- What is required -
Using the data below, reproduce exactly the lines from the line with "Napoleon barbecue a" to the line with "Tämä matto sijaitsee", both included; pictures must be dropped.

- Entries supplied -
Start of Block
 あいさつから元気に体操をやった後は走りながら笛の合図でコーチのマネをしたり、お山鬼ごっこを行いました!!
End of Block
Start of Block
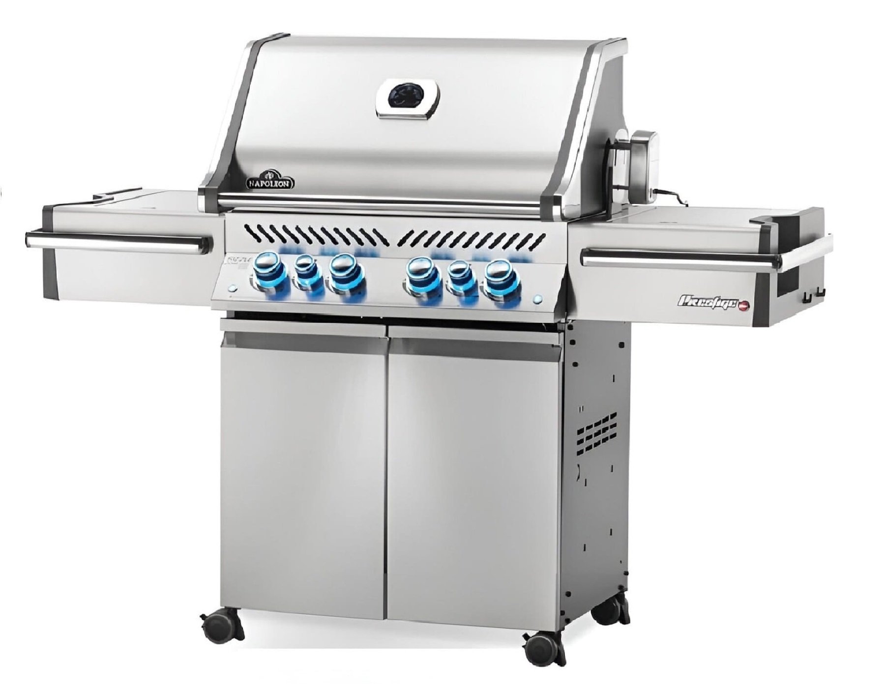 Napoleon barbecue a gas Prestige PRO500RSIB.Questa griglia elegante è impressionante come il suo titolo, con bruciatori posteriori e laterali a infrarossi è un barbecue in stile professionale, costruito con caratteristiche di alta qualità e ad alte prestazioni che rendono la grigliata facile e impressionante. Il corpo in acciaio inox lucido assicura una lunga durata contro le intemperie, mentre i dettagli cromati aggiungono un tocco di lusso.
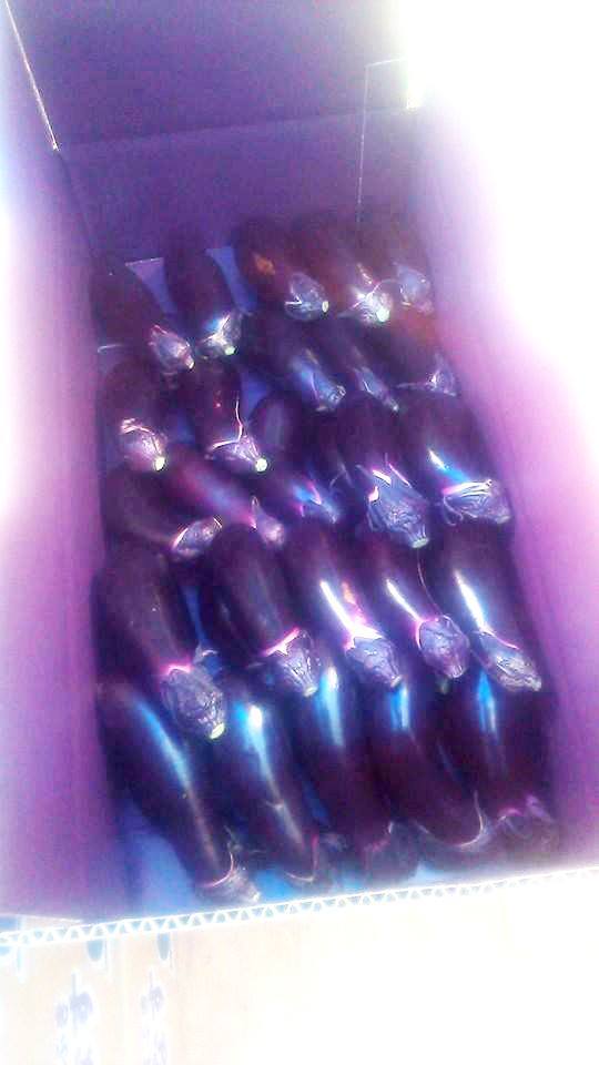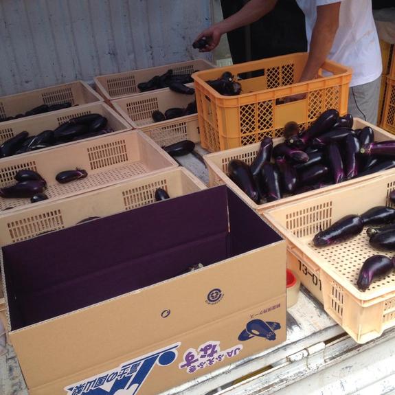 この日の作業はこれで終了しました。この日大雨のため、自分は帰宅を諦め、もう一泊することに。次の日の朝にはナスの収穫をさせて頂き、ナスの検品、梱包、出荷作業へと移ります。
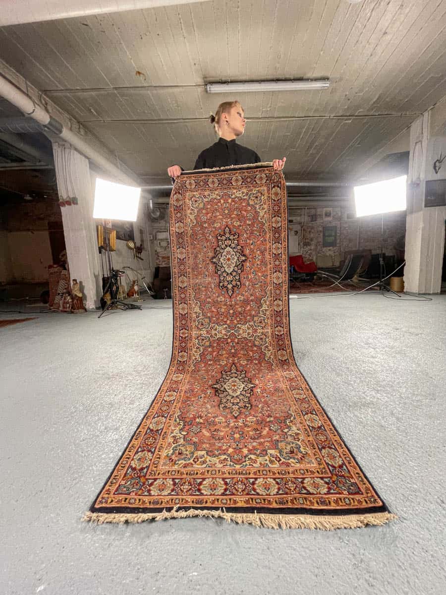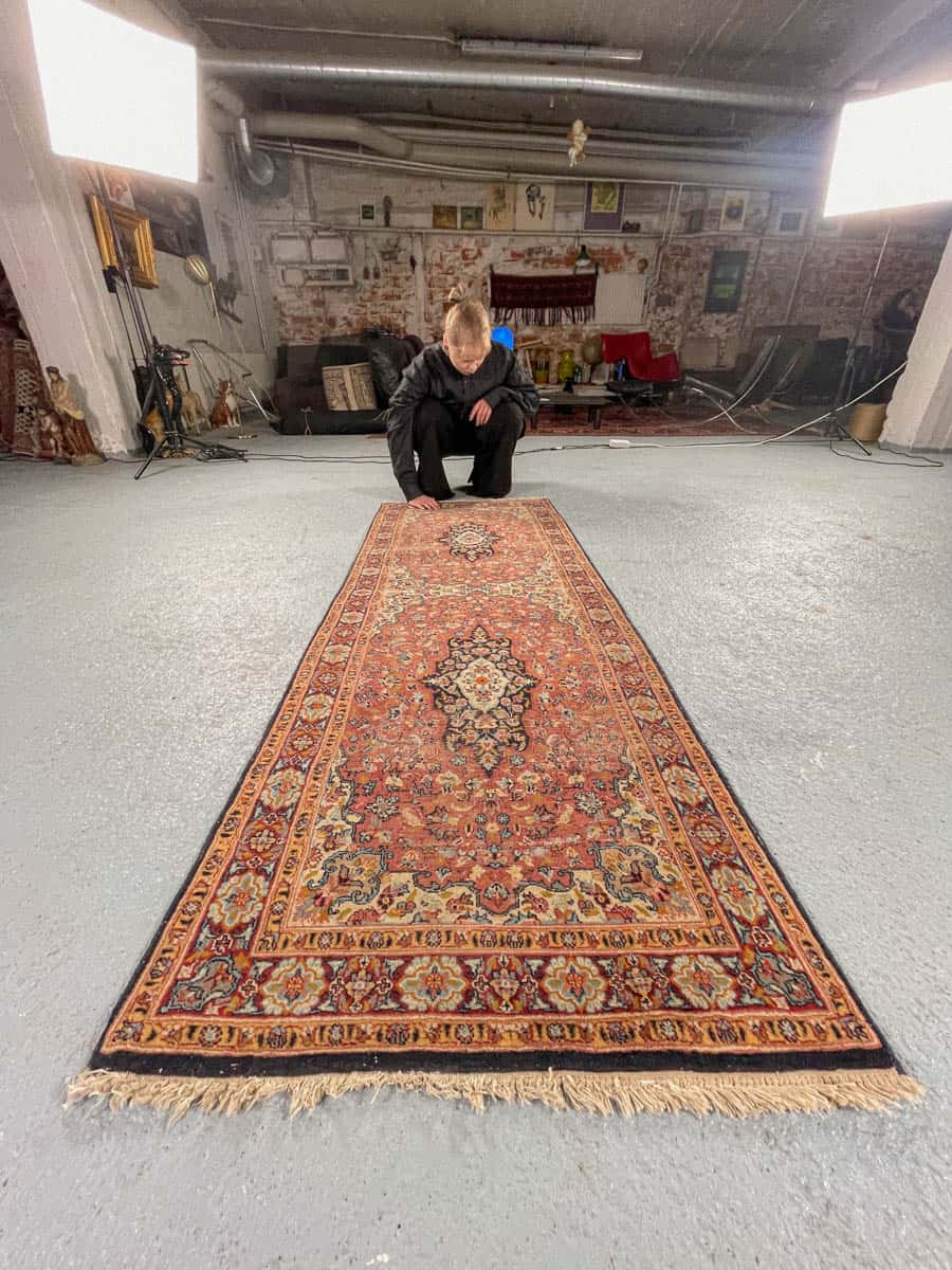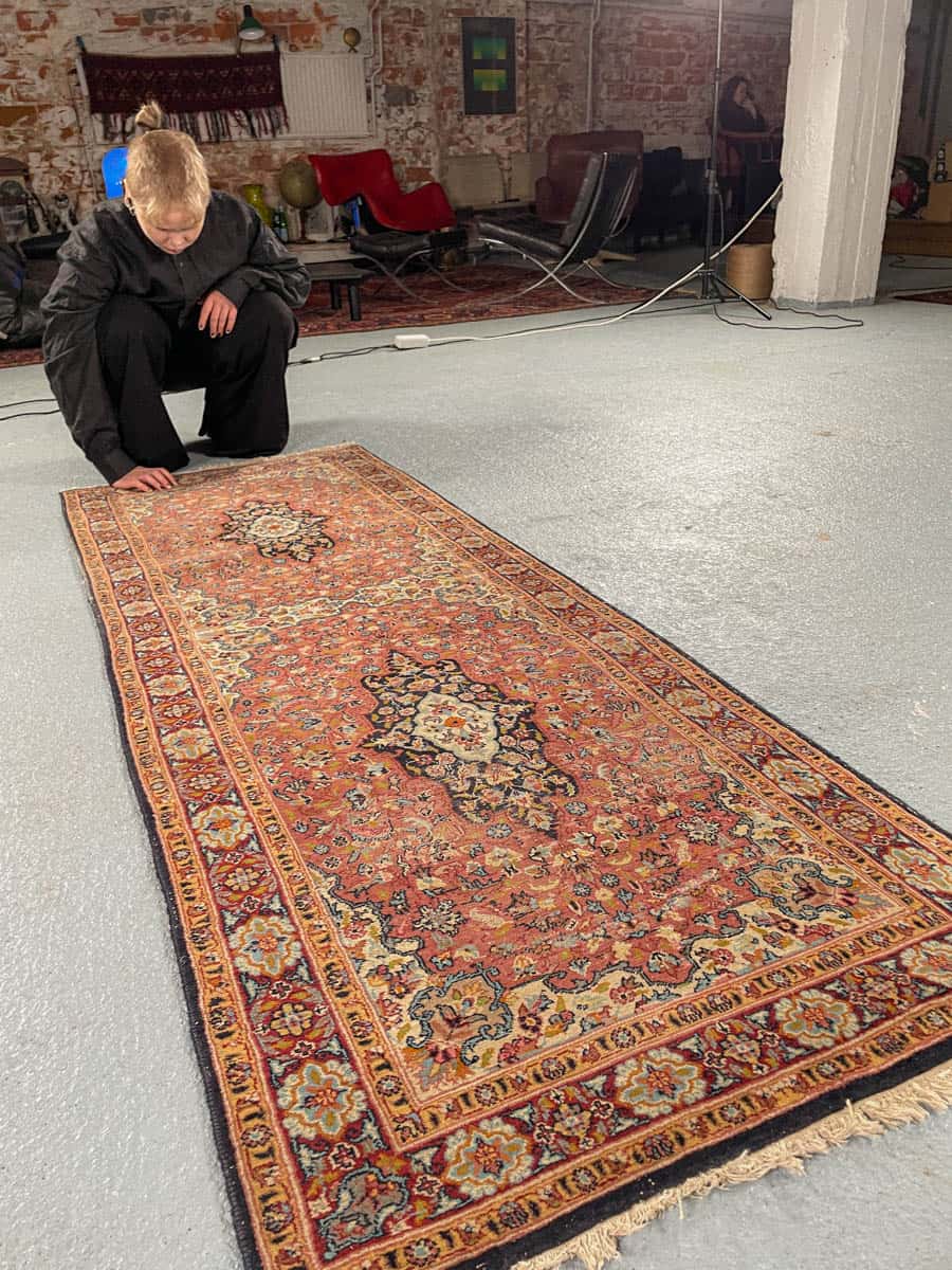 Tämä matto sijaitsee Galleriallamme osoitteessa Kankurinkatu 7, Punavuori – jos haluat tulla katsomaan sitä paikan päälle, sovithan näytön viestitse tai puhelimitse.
End of Block
Start of Block
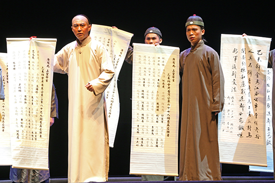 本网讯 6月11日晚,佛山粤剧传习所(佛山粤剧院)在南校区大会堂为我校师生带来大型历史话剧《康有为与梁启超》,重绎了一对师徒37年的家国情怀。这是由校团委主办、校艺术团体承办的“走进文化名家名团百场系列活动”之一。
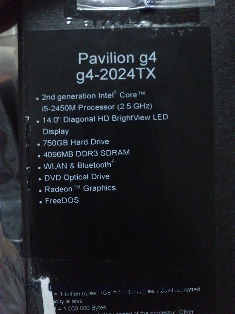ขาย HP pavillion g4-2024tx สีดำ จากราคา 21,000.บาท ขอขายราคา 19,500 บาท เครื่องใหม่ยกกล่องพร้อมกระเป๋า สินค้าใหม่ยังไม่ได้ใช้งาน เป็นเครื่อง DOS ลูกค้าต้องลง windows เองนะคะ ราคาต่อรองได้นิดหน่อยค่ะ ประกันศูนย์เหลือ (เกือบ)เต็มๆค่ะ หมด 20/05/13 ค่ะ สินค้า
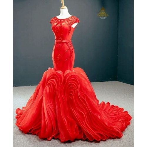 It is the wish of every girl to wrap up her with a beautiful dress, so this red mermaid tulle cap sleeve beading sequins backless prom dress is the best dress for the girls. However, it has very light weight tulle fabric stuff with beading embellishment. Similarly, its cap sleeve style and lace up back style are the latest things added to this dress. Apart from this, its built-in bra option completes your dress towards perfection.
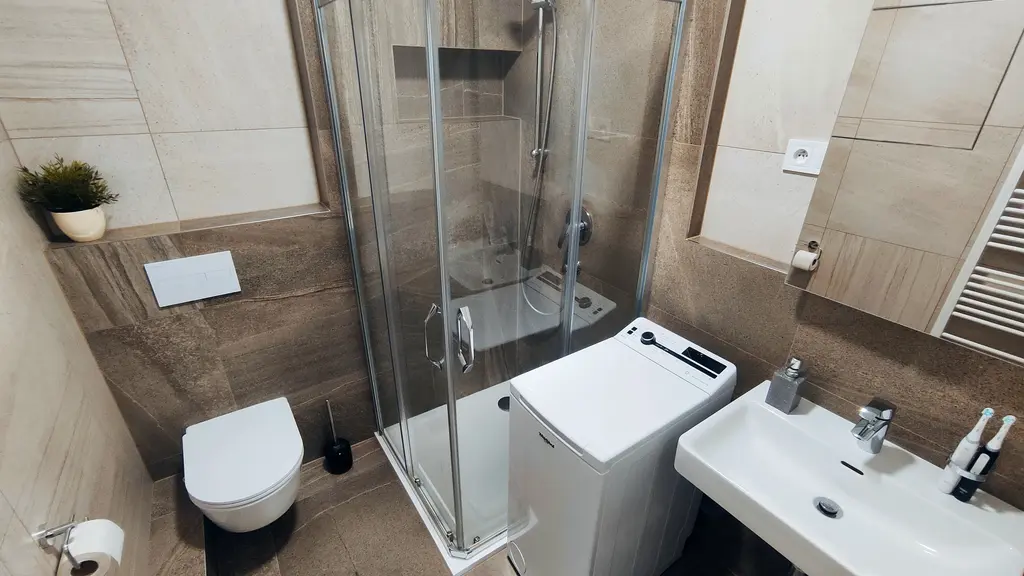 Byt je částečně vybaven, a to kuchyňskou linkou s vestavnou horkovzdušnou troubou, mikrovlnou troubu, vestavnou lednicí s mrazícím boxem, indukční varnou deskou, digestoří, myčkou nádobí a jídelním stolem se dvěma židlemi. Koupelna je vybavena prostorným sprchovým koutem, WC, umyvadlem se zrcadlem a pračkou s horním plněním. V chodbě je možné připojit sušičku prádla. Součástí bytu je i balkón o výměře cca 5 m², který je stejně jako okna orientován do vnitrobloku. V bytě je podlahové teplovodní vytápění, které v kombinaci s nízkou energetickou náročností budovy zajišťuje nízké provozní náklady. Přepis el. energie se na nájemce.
End of Block
- Output below -
 Napoleon barbecue a gas Prestige PRO500RSIB.Questa griglia elegante è impressionante come il suo titolo, con bruciatori posteriori e laterali a infrarossi è un barbecue in stile professionale, costruito con caratteristiche di alta qualità e ad alte prestazioni che rendono la grigliata facile e impressionante. Il corpo in acciaio inox lucido assicura una lunga durata contro le intemperie, mentre i dettagli cromati aggiungono un tocco di lusso.
 この日の作業はこれで終了しました。この日大雨のため、自分は帰宅を諦め、もう一泊することに。次の日の朝にはナスの収穫をさせて頂き、ナスの検品、梱包、出荷作業へと移ります。
 Tämä matto sijaitsee Galleriallamme osoitteessa Kankurinkatu 7, Punavuori – jos haluat tulla katsomaan sitä paikan päälle, sovithan näytön viestitse tai puhelimitse.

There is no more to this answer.